Data extract:
# # #

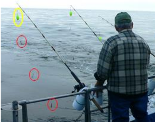
Photo of longleader gear
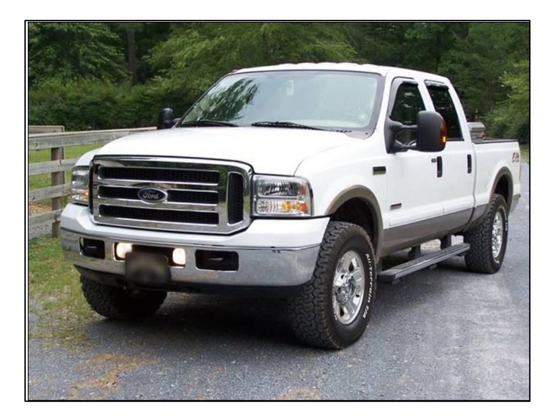
Figure 3. Photograph of pickup truck of same make and model as vehicle involved in crash.
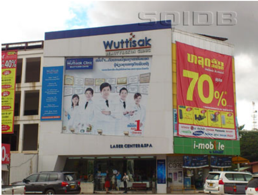
Wuttisak Clinic in Vientiane

# # #

Exercise directions: Give back the entire listing verbatim, without the pictures.

Exercise output:
Photo of longleader gear
Figure 3. Photograph of pickup truck of same make and model as vehicle involved in crash.
Wuttisak Clinic in Vientiane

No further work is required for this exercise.